◆ Problem
In the records below, reproduce exactly the lines from the one containing "演练前,外国语学院实验实训中" through the one containing "Москва, Россия, 30", both included, and omit the pictures.

◆ Material supplied
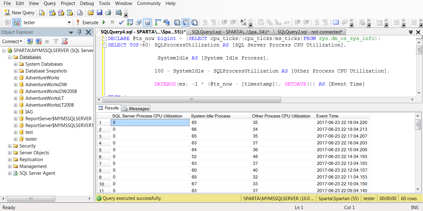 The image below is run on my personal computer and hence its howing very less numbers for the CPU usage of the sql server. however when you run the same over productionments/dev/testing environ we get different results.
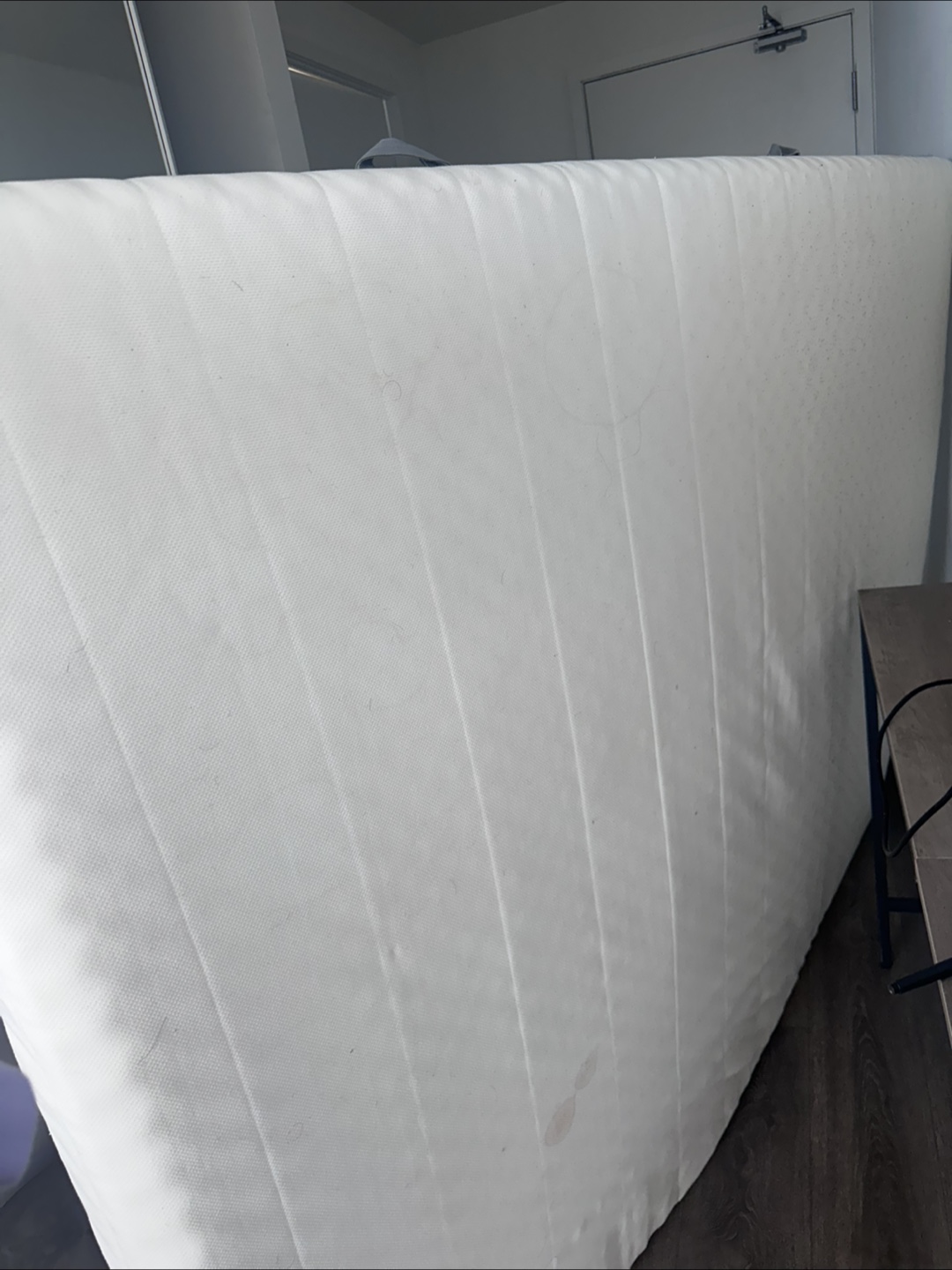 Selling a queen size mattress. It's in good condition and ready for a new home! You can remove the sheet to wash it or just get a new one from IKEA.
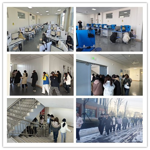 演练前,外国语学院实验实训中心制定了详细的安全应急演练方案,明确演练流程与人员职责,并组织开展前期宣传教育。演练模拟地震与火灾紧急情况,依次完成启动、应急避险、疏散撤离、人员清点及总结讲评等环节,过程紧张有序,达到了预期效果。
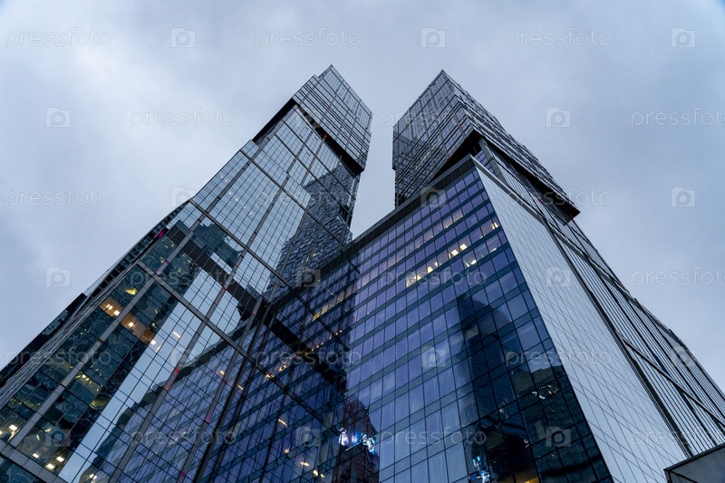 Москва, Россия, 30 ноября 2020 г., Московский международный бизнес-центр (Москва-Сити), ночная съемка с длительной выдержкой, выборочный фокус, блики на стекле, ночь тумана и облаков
--
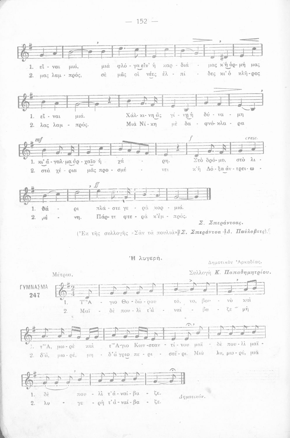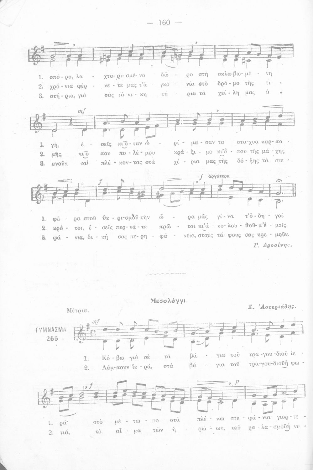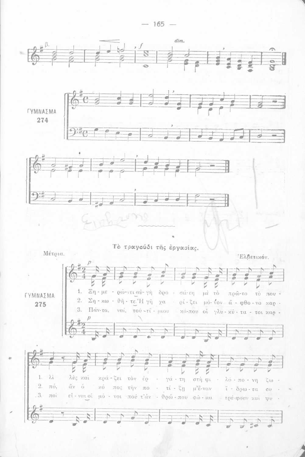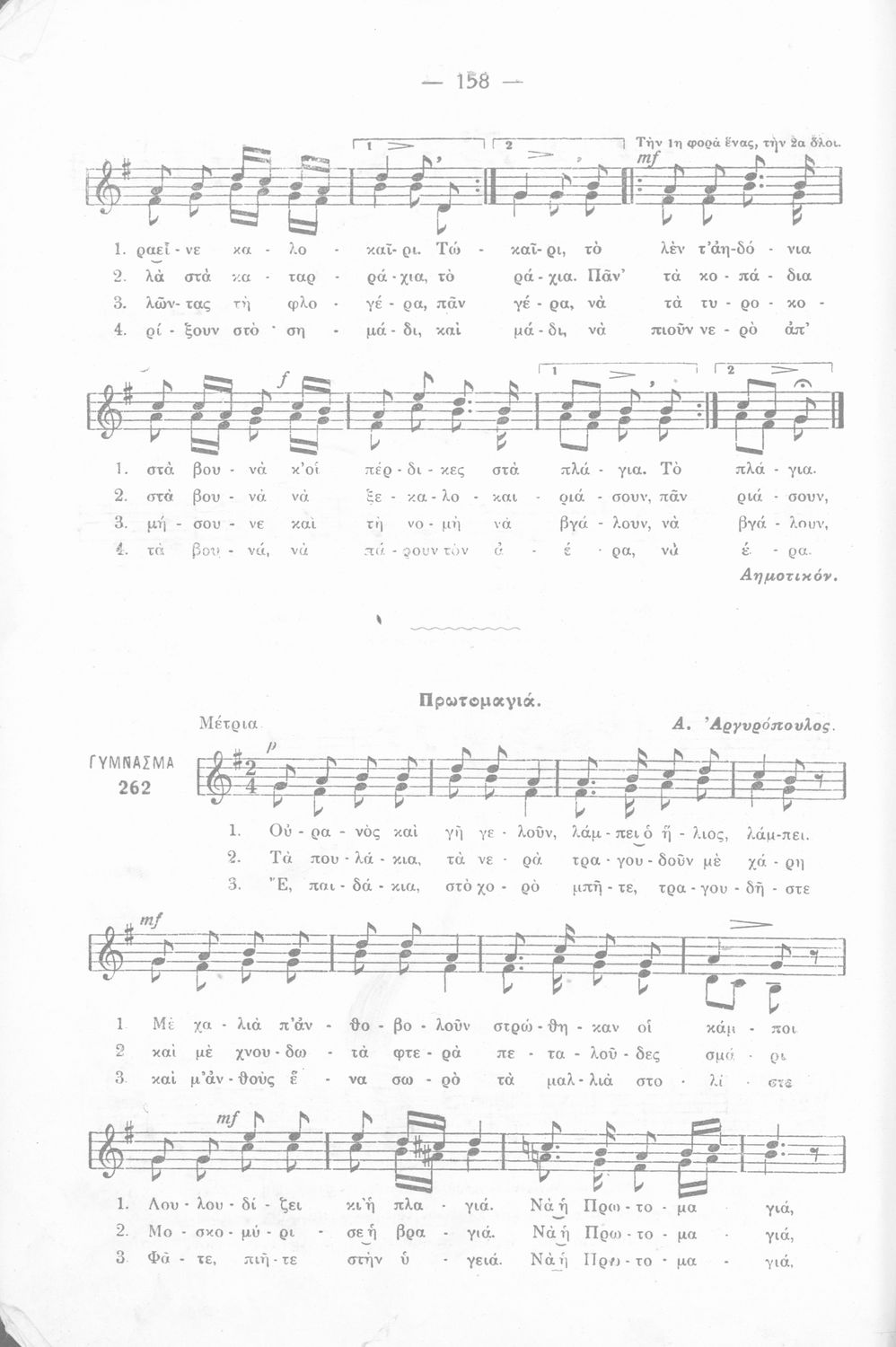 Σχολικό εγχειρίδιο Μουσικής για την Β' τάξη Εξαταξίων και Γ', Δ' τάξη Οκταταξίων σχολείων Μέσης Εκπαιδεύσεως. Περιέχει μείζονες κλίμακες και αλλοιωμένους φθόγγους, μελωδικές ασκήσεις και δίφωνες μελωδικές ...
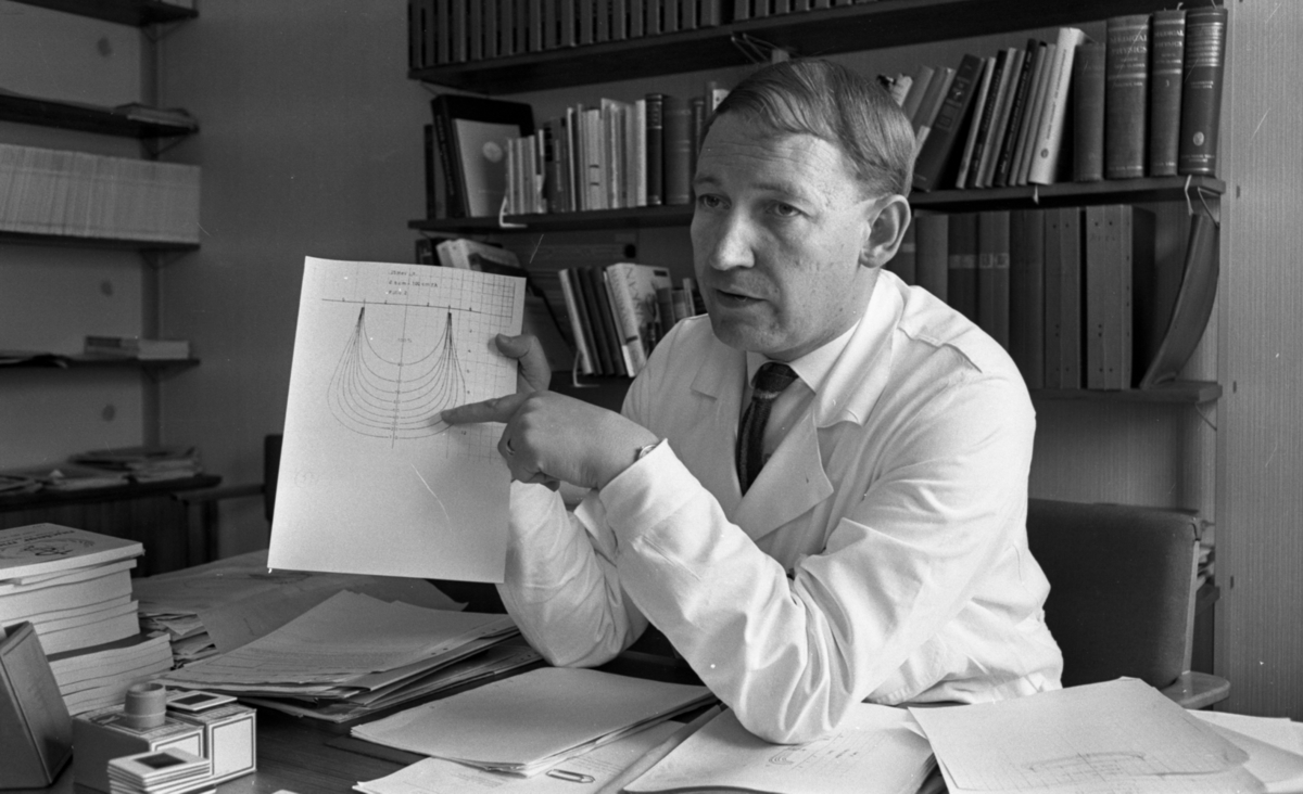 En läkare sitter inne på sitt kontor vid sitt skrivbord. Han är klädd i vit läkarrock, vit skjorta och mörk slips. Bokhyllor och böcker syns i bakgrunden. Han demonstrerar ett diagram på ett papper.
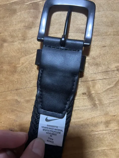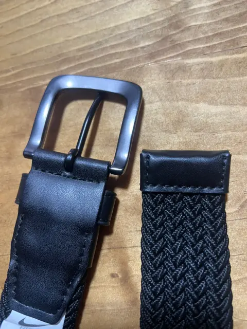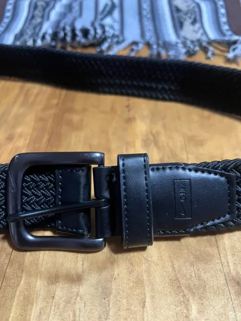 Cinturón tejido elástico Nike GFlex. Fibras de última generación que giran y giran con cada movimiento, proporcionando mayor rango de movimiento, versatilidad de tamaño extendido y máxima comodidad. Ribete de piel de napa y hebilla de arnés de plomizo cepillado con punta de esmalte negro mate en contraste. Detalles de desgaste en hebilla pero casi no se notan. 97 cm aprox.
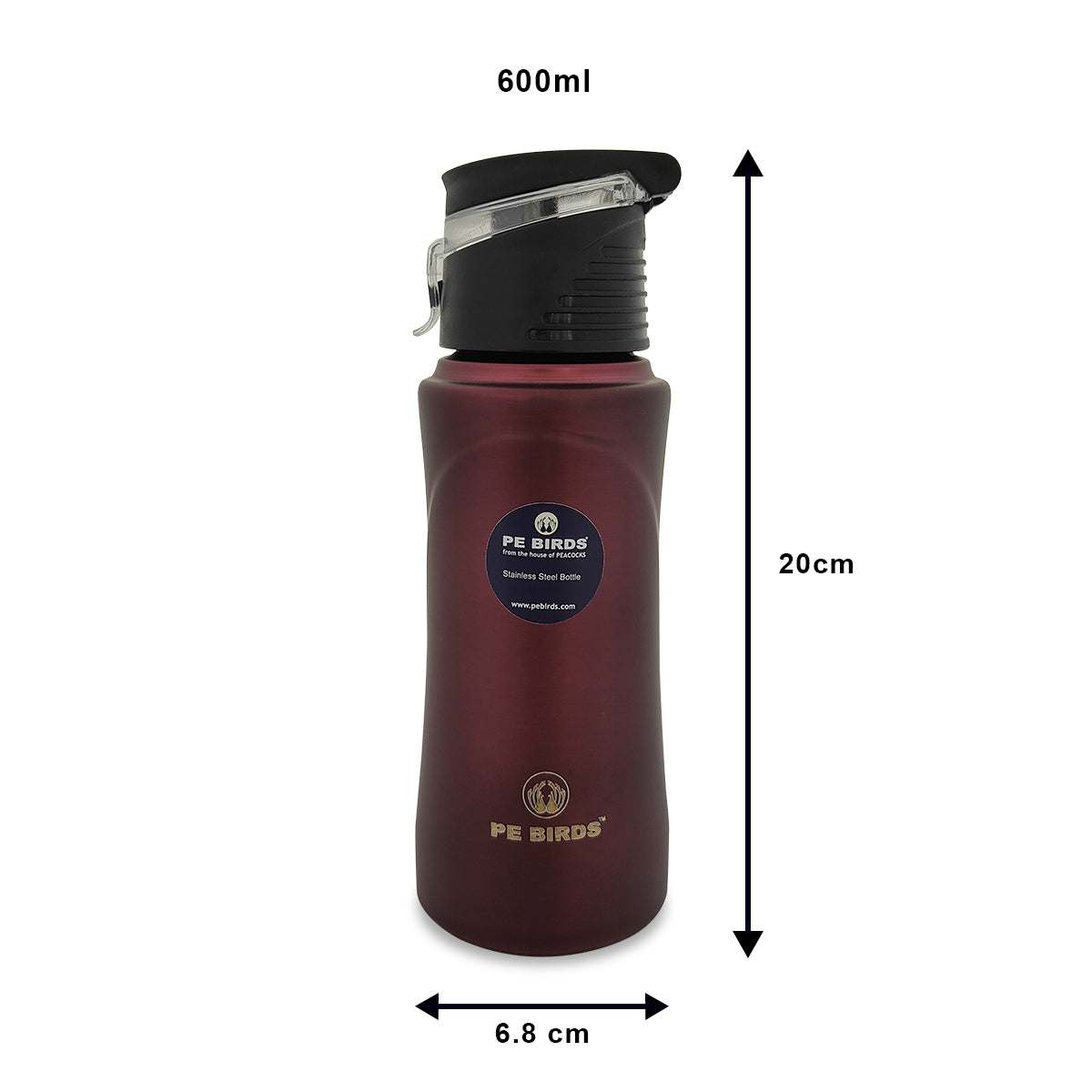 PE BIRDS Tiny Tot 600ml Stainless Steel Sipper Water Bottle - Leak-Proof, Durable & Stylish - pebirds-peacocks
...
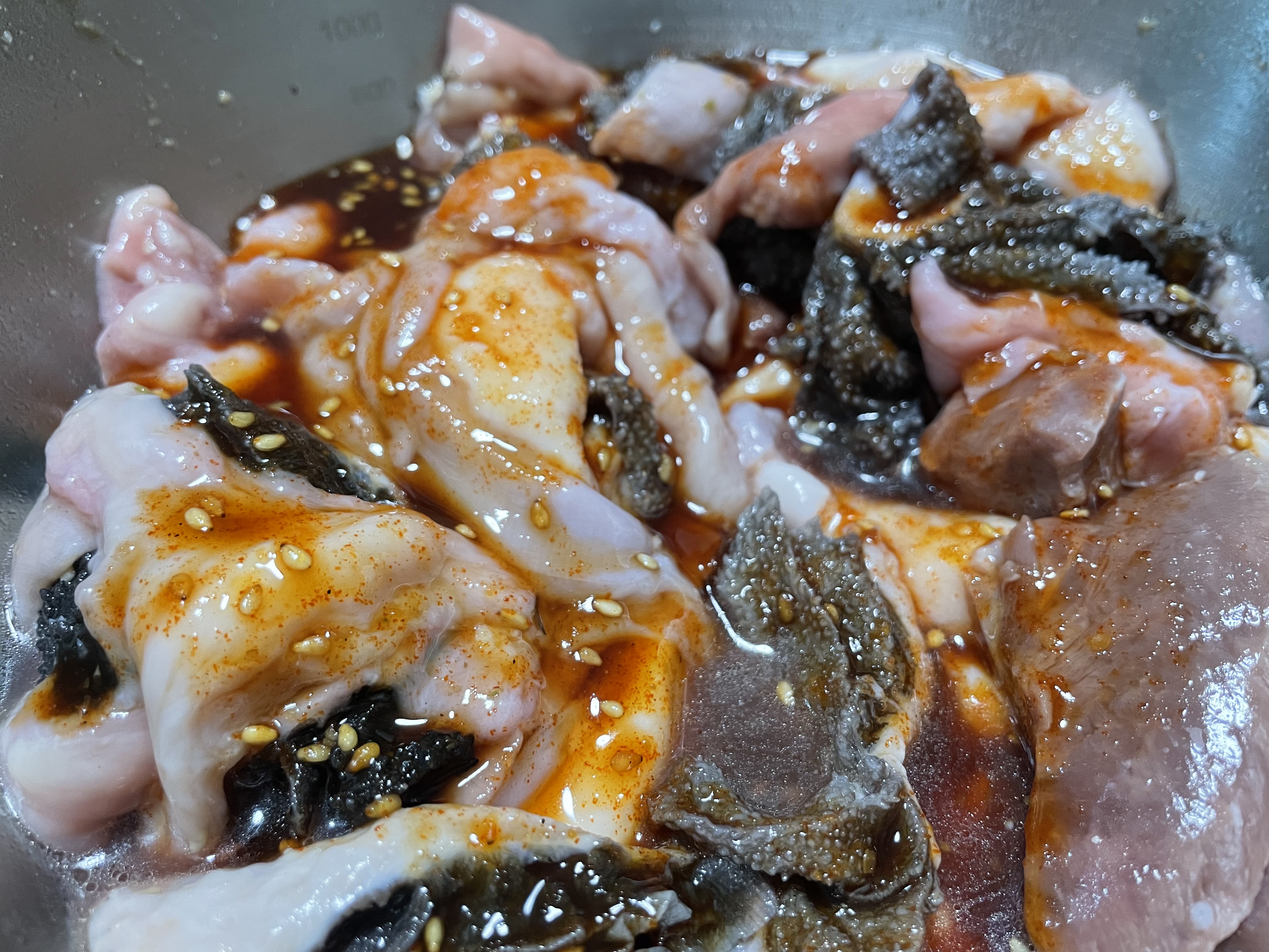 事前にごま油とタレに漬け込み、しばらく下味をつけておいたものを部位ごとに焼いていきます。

◆ Exercise solution
 演练前,外国语学院实验实训中心制定了详细的安全应急演练方案,明确演练流程与人员职责,并组织开展前期宣传教育。演练模拟地震与火灾紧急情况,依次完成启动、应急避险、疏散撤离、人员清点及总结讲评等环节,过程紧张有序,达到了预期效果。
 Москва, Россия, 30 ноября 2020 г., Московский международный бизнес-центр (Москва-Сити), ночная съемка с длительной выдержкой, выборочный фокус, блики на стекле, ночь тумана и облаков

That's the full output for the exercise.